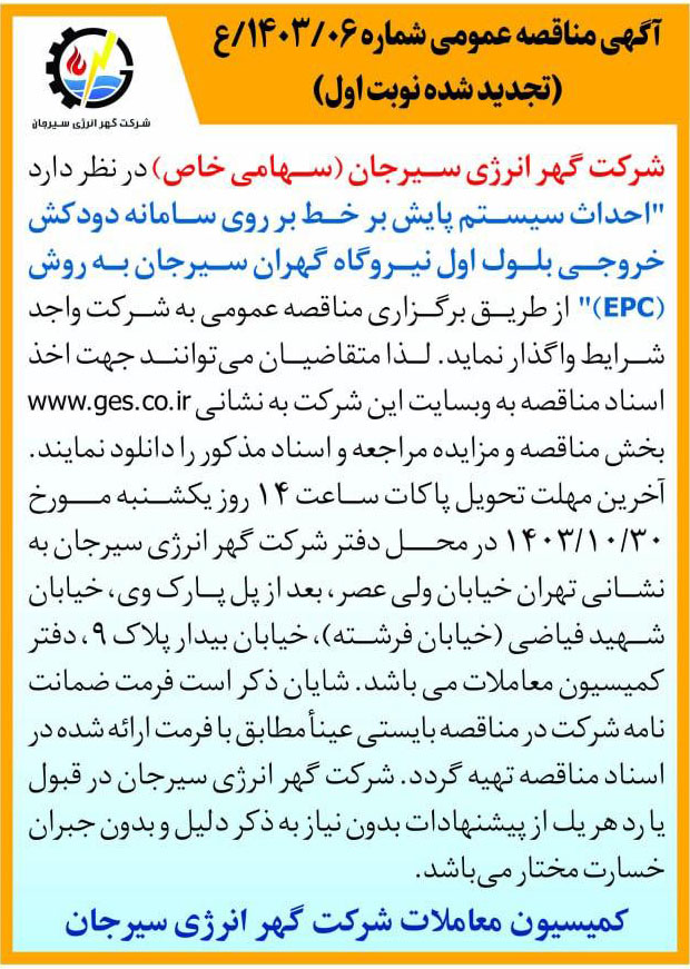 آگهی مناقصه عمومی شماره 06/1403/ع – تجدید شده نوبت اول (سیستم پایش بر خط بر روی سامانه دودکش)
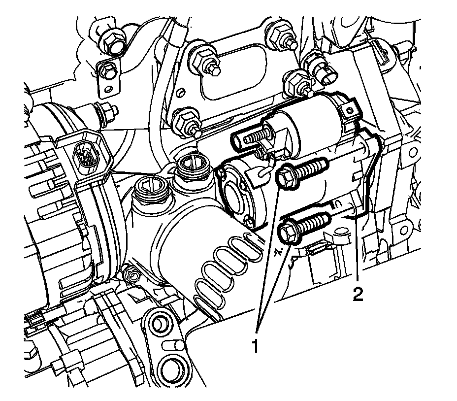 9. Install the starter heat shield (2) and tighten the starter heat shield fastener (1) to 5 Nm (44 lb in).
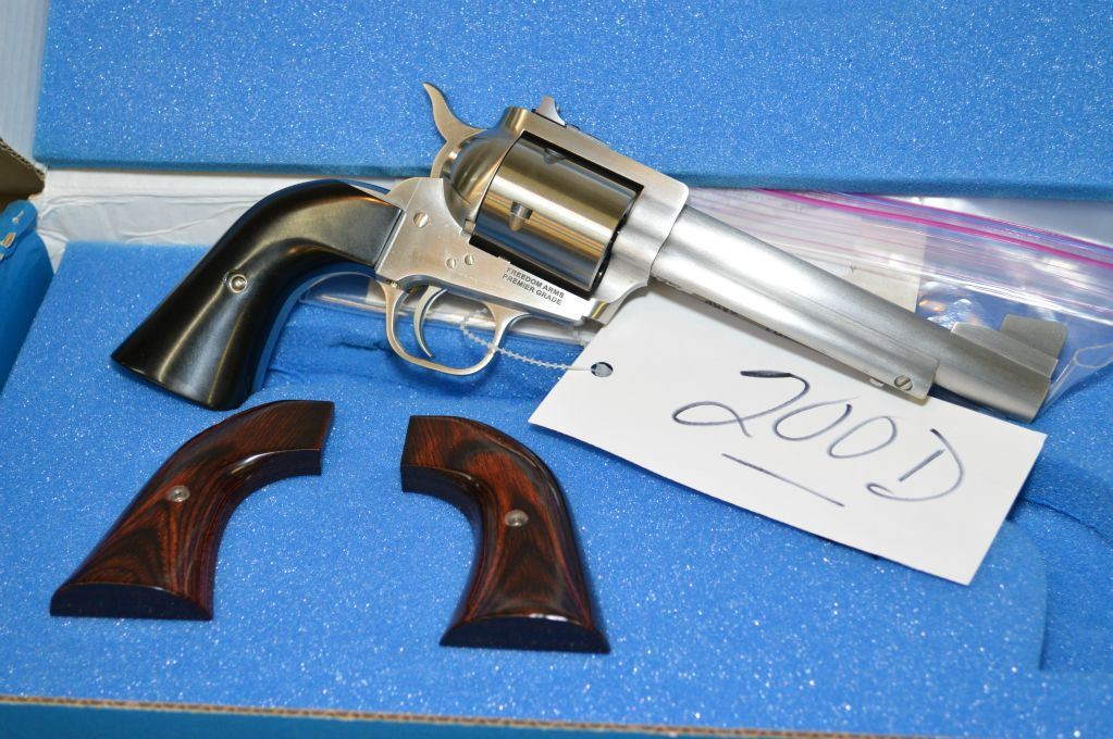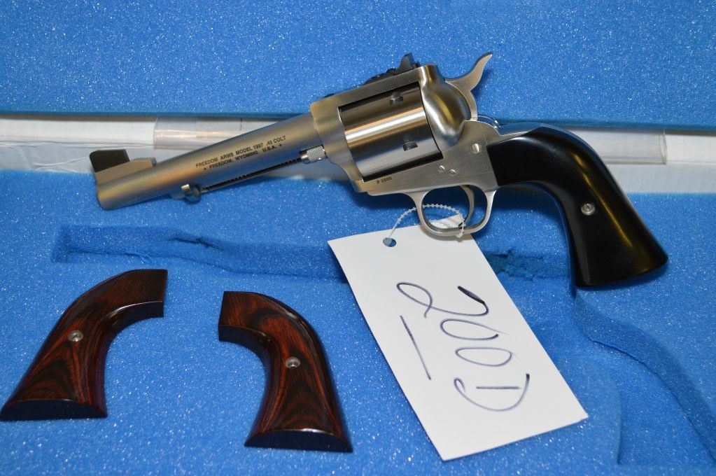Freedom Arms Model 1997 .45 Colt Cal 5 Shot Revolver w/ 140 mm bbl [ appears as new, unfired in orig box, booklet, etc. , Custom order from manufactuer, stainless finish, Macarta grips, plus additional set of wood grips ] Ser # P1386 Restricted Handgun Cert # 18296591
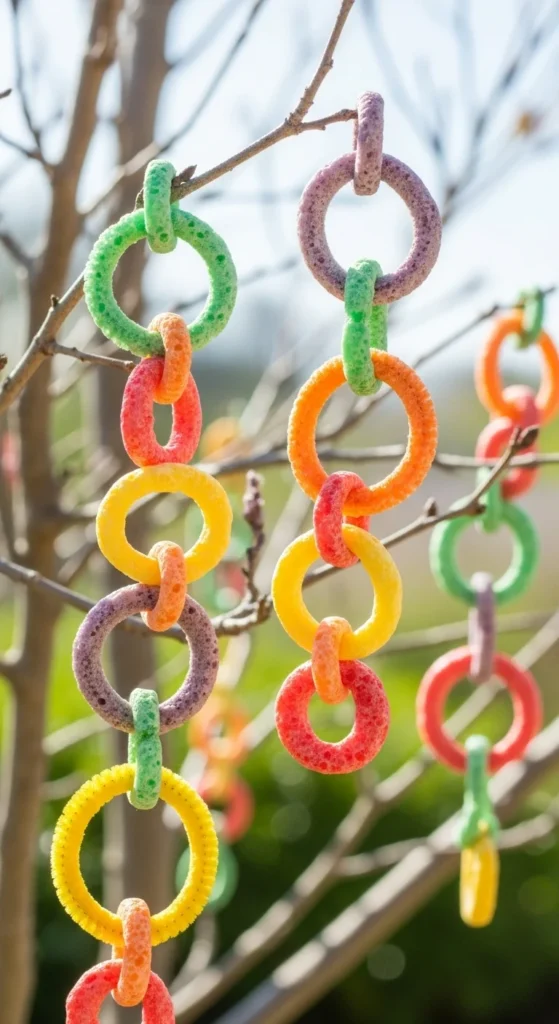 String cereal rings like Cheerios onto pipe cleaners, twist the ends together, and hang them outdoors. A fun, edible craft that’s great for kids and backyard wildlife alike.
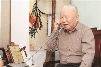 2012年教师节前,北京市领导到清华大学吴良镛家慰问,我跟随采访也来到了吴老家里。他家面积不大,摆设也很简单,客厅一面墙都是书籍。他在和领导交谈时,座位前的电话响起了数次。他总是礼貌地向领导表示歉意后接听电话。不管是谁的电话,他接电话时脸上总是带着笑容,很有礼貌地倾听对方讲话。我在他正接电话时,随手抓拍了他的音容笑貌。
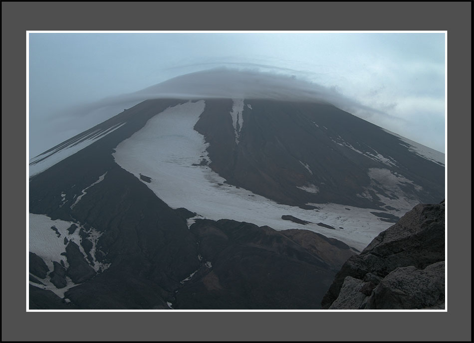 笠雲の覆う燧ケ岳私達のいた尾瀬ヶ原は小雨が降っていましたが、燧ケ岳を望むとちょうど山頂付近に笠雲が掛かっていましたFlickr。
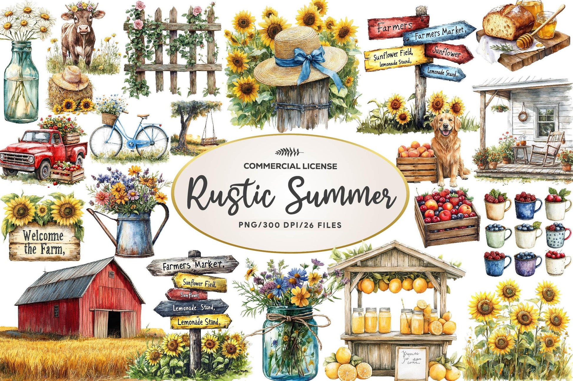 Enhance your creative projects with the Happy Rustic Summer Clipart Bundle, featuring charming rustic designs perfect for seasonal crafts, invitations, and digital artwork. Capture the essence of summer with this versatile collection.
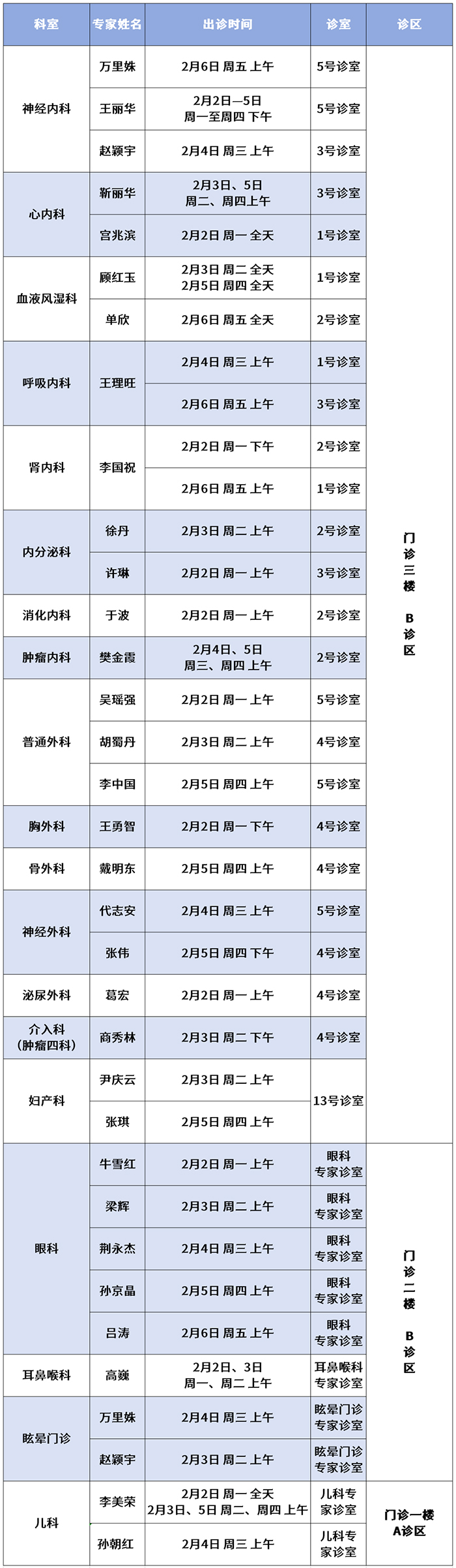 专家门诊本周开诊安排
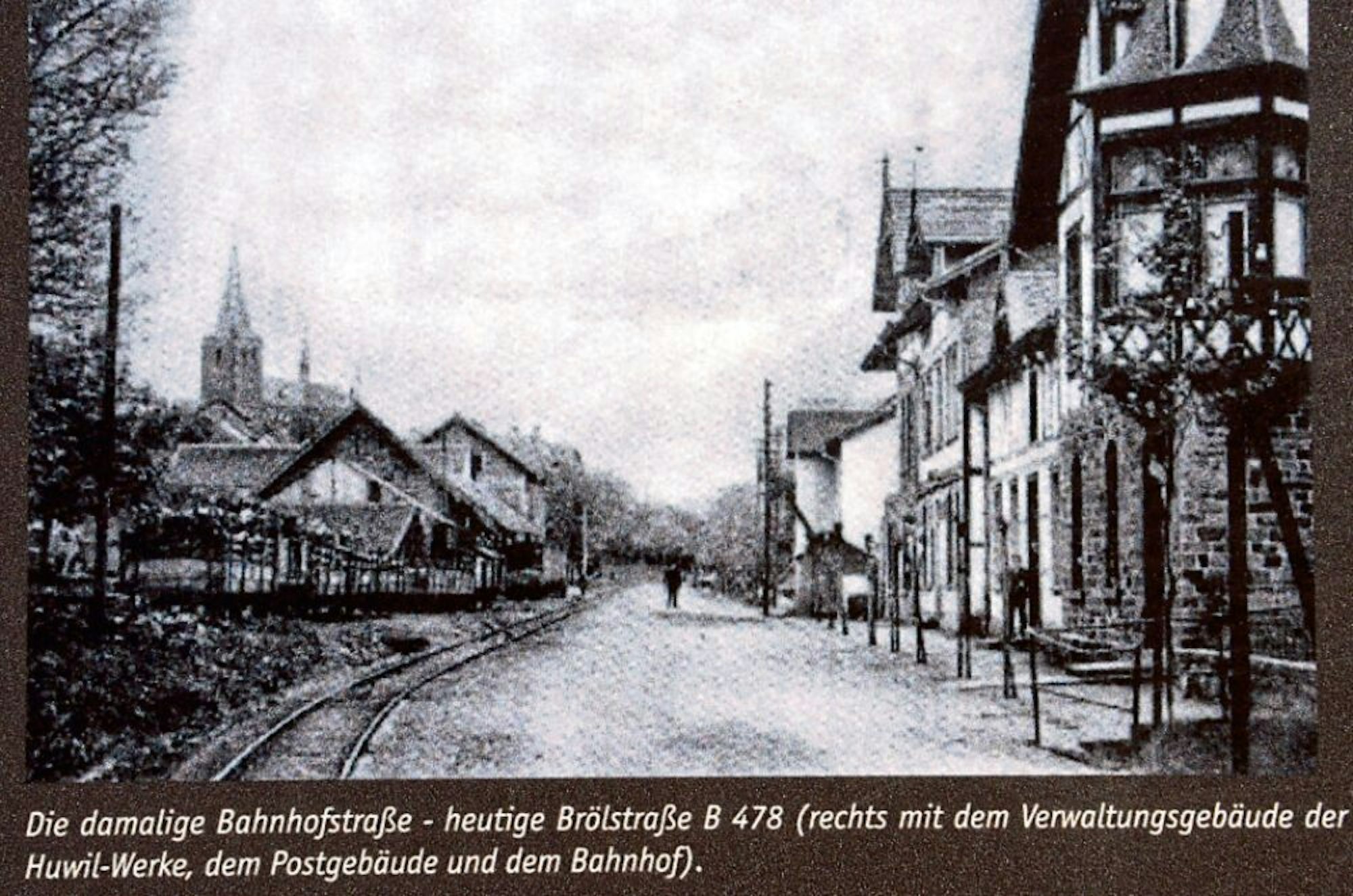 In Ruppichteroth befand sich gegenüber der Huwil-Verwaltung der Güterbahnhof. Heute erinnert dort noch ein Stück Gleis an das Brölbähnchen.
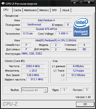 | Процессор (ядро) | Intel Pentium 4 (Northwood) |
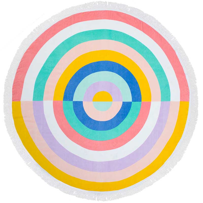 Bambury's latest beach towels are fun fashion prints perfect for summer! The Rainbow round beach towel features a fringe border and is printed on 100% soft cotton. The towel measures 150cm round. 100% soft cotton Fringe Round beach towel 150cm diameter Printed Velour Front Terry Towelling Reverse Other round beach towels by Bambury include Gypsy, Rainbow and Tulum.
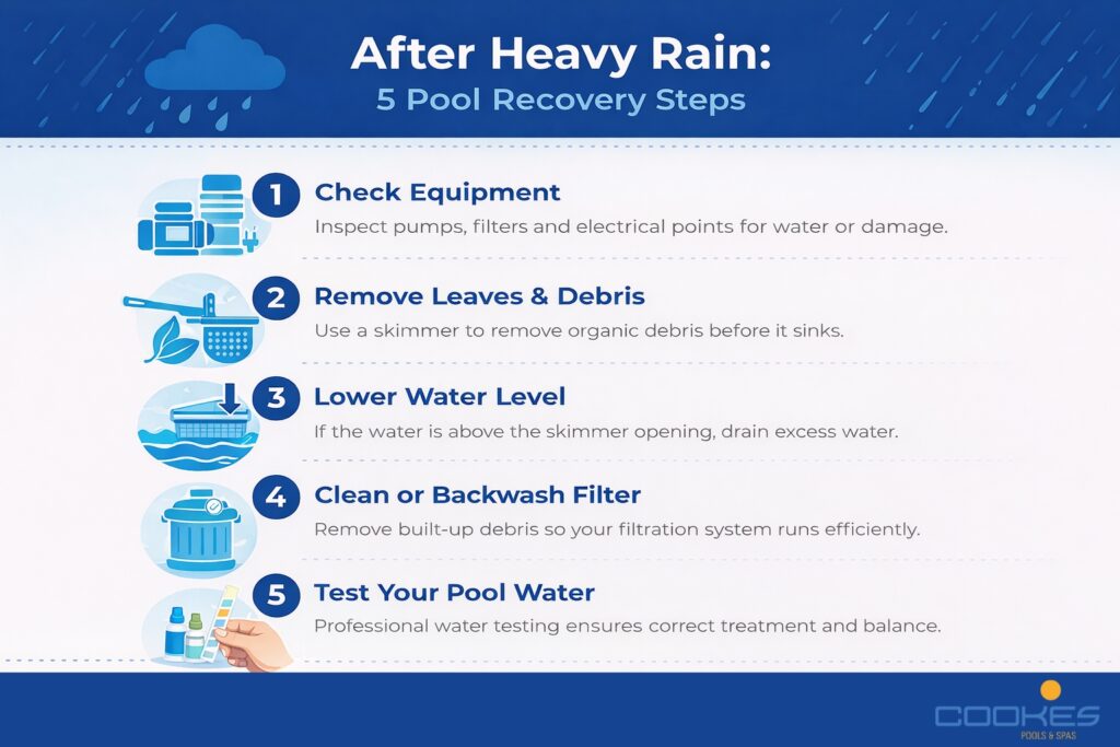 The good news is that a few simple checks after heavy rainfall can help restore your pool and keep everything running smoothly.

### WHAT YOU NEED TO DO:
Give again, word for word, only the lines from the one with "4 (Northwood) |" through the last line of the entries, both included; no pictures go in the copy.

### ANSWER SECTION:
 | Процессор (ядро) | Intel Pentium 4 (Northwood) |
 Bambury's latest beach towels are fun fashion prints perfect for summer! The Rainbow round beach towel features a fringe border and is printed on 100% soft cotton. The towel measures 150cm round. 100% soft cotton Fringe Round beach towel 150cm diameter Printed Velour Front Terry Towelling Reverse Other round beach towels by Bambury include Gypsy, Rainbow and Tulum.
 The good news is that a few simple checks after heavy rainfall can help restore your pool and keep everything running smoothly.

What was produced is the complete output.